Dataset entries:
▽

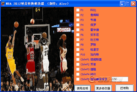 使用说明:1、进入MP模式按F12弹出修改器,选择要转换成球员即可。2、请在选秀后使用此功能,选秀前未测试3、本修改器用于任何MP名单,但只有在初始名单下保证修改的球员是你想要的球员,其它名单可能会有偏差。4、如果修改器未列入你要修改的球员,请在指定编号球员中输入要修改的球员编号,0-14左右为76人球员,15-29左右为山猫球员,依次类推。
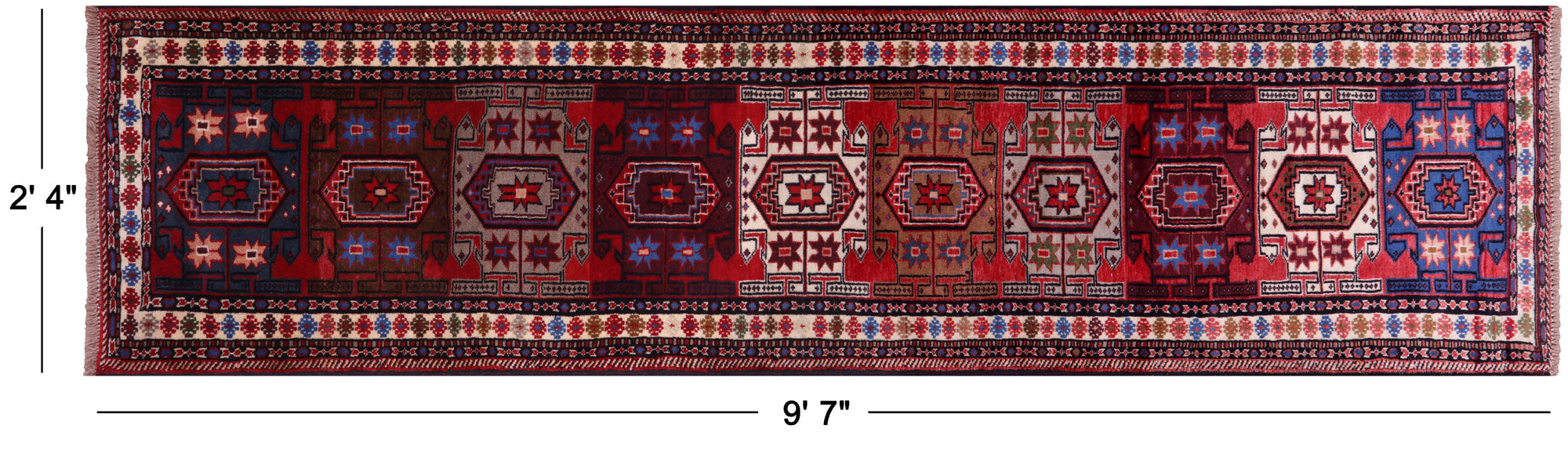 Red Persian Tribal Handmade Wool on Wool Runner Rug 2' 4" X 9' 7" - Q23514
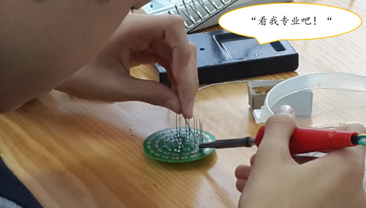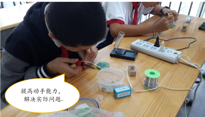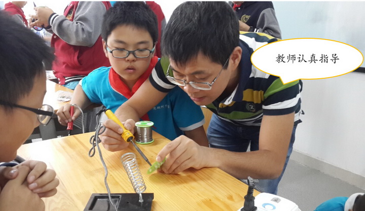 学生能有这样出色的表现一方面源于他们对电子焊接课程的热爱,另一方面要归功于任课教师的辛勤指导,虽然课程只开设短短一学期的时间,但是相信孩子们会用他们的学习热情将课程投入学海,勤学无边,从而终身受益。
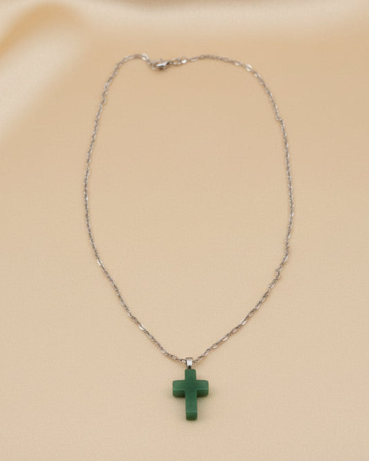 Necklace - 19 inches 925 silver chain with gemstone cross pendant
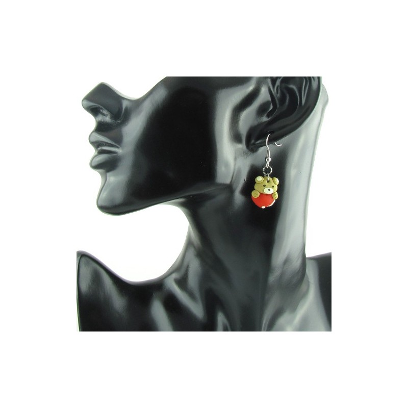 Nádherní medvídci držící srdíčka vyrobení z modelíny FIMO. Tato polymerová hmota vynalezená v Německu představuje skvělý materiál právě např. pro výrobu šperků, doplňků, dekorací atd., díky čemuž se stala celosvětově velmi populární. Náušnice doporučujeme k běžnému nošení.
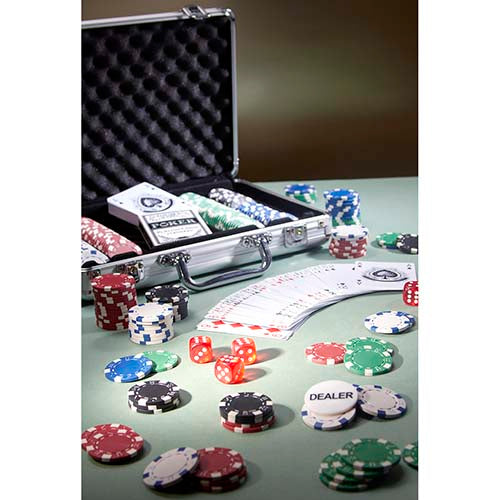 incluye 200 fichas, 2 barajas plastificadas, 5 dados, 1 ficha de dealer y llaves.
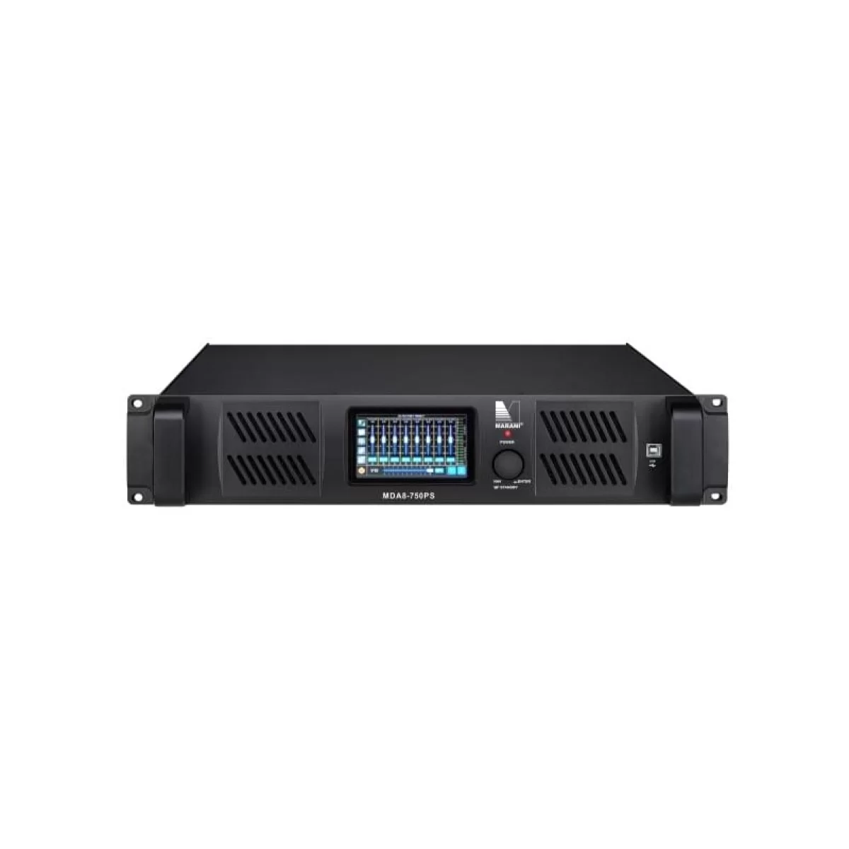 Более того, MDA8-750PS допускает запас в 12 дБ при взаимодействии процессов. Пользователь также может устанавливать параметры, выбирать источник входного сигнала, загружать пресеты и т. д. с помощью сенсорного ЖК-дисплея на передней панели. Помимо обычного аналогового и цифрового входного источников, опциональным также является протокол DANTE™.
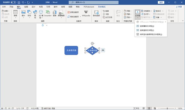 3、如果你想用Word在流程圖形狀里面填寫文字,那么你需要從繪圖工具中拖出一個(gè)文本框,或者選中當(dāng)前形狀后右鍵選擇“添加文字”。
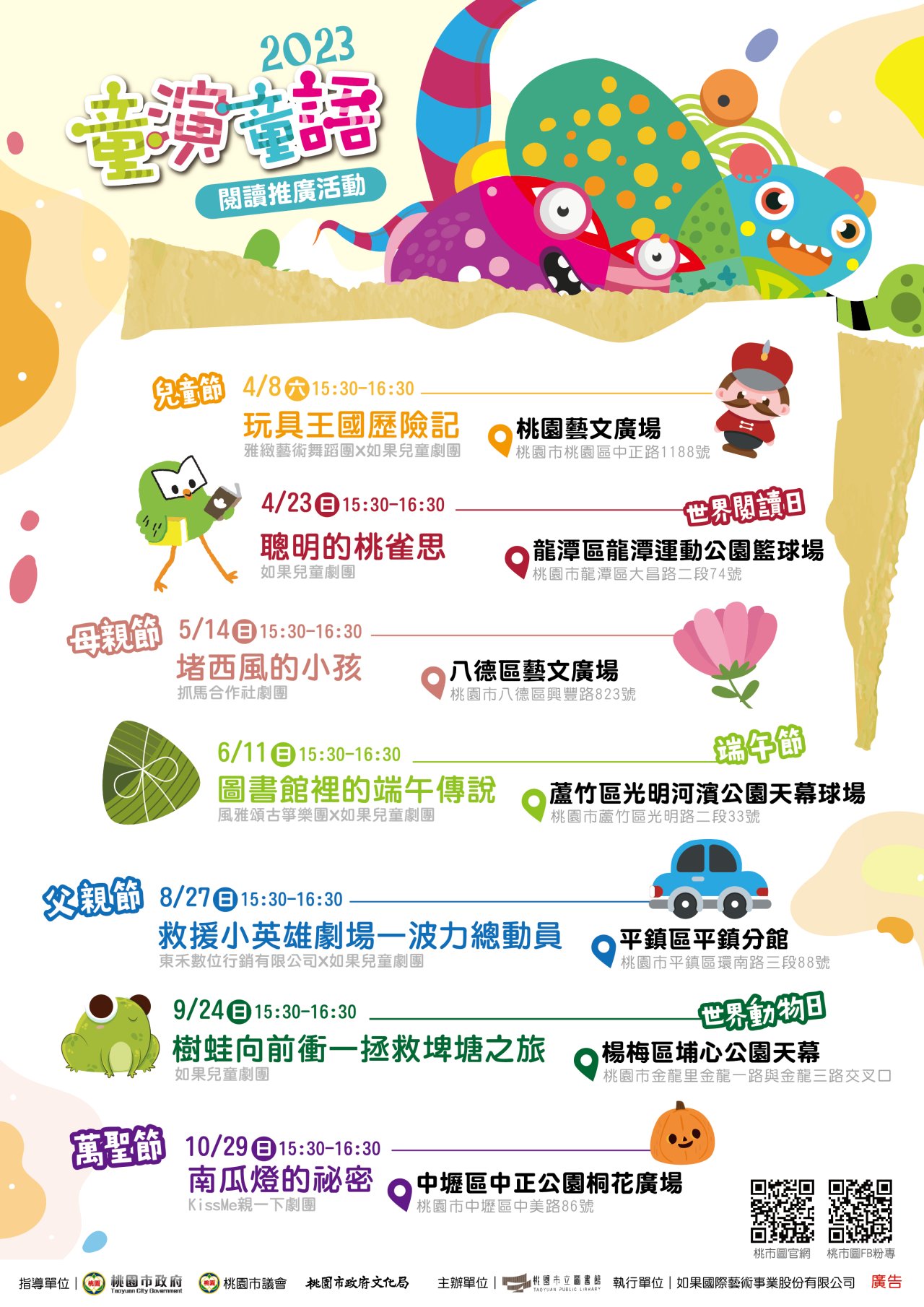 桃園市立圖書館辦理「2023年童演童語嬰幼兒閱讀推廣活動」,鼓勵師生踴躍參加,說明如下:
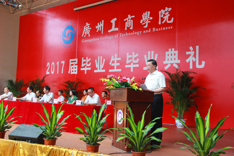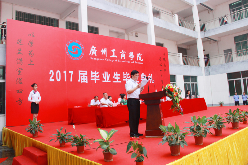 学院院长邝邦洪教授首先发表了热情洋溢的讲话。他代表学院董事会、学院党政领导和广大教职员工向毕业生表示热烈的祝贺!向教育培养这届学生辛勤工作、付出了智慧和心血的全体教职员工表示衷心的感谢!他说,三年里,同学们在老师们的教育培养下,刻苦学习科学文化知识,加强了“德学”修养,积极开展了“进课室、进图书馆、进实验实训室、进体育场馆、进社会”的“五进”活动,在德、智、体、美等方面,都获得了丰收,有700多名同学在全国、省、市、区级各类竞赛中获奖,其中获全国性奖72项,省级奖151项,市、区级奖32项,为学院赢得了荣誉。邝院长对同学们的每一次成长和进步,所取得的每一份成绩,都感到极大的欣慰;同时也对同学们的前途和未来充满了信心!同学们正身处中国历史上最好的发展时期,正经历着中国历史上最广泛最深刻的社会变革。机会与风险、竞争与挑战扑面而来,无处不在。他向大家提出了三点希望:第一,牢记习近平总书记的教导“人的一生只有一次青春。现在,青春是用来奋斗的,将来,青春是用来回忆的。”,要树立理想,勇敢地面对现实,脚踏实地,从基层做起。第二,牢固树立终身学习的理念,不断用新的知识和技能充实提高自己,提升自身的生存能力和竞争能力。第三,在人生的道路上,经受考验,自强不息,将“以德为行 以学为上”作为一生的承诺,一生的实践,一生的追求,走好人生路,写好自己人生美好的诗篇!邝院长语重心长的谆谆教导赢得了全场热烈的掌声。
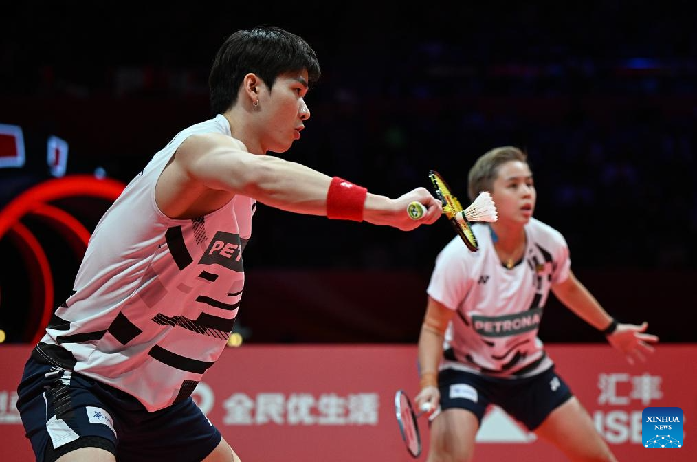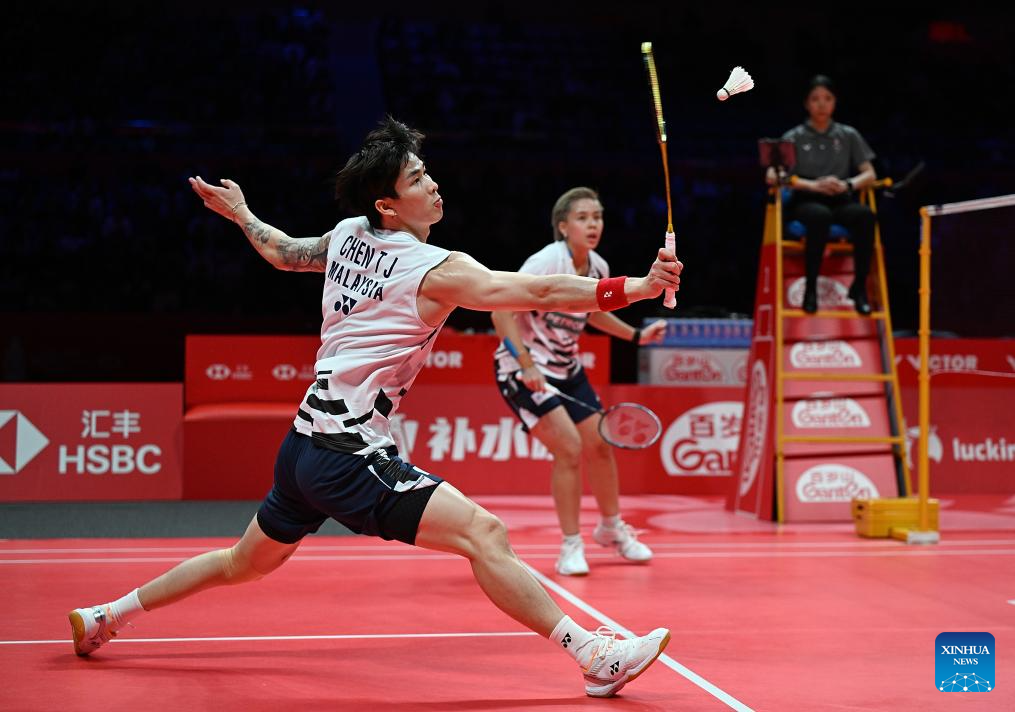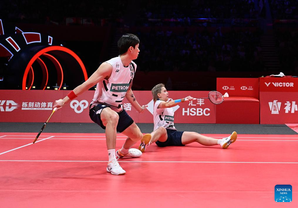 Chen Tang Jie (L)/Toh Ee Wei compete during the mixed doubles final match between Zheng Siwei/Huang Yaqiong of China and Chen Tang Jie/Toh Ee Wei of Malaysia at BWF World Tour Finals 2024 in Hangzhou, China, Dec. 15, 2024. (Xinhua/Hou Zhaokang)

△

Retype each line of the data exactly, beginning with the first; include the line containing "Red Persian Tribal" and stop there, skipping every picture.

Written reply →
 使用说明:1、进入MP模式按F12弹出修改器,选择要转换成球员即可。2、请在选秀后使用此功能,选秀前未测试3、本修改器用于任何MP名单,但只有在初始名单下保证修改的球员是你想要的球员,其它名单可能会有偏差。4、如果修改器未列入你要修改的球员,请在指定编号球员中输入要修改的球员编号,0-14左右为76人球员,15-29左右为山猫球员,依次类推。
 Red Persian Tribal Handmade Wool on Wool Runner Rug 2' 4" X 9' 7" - Q23514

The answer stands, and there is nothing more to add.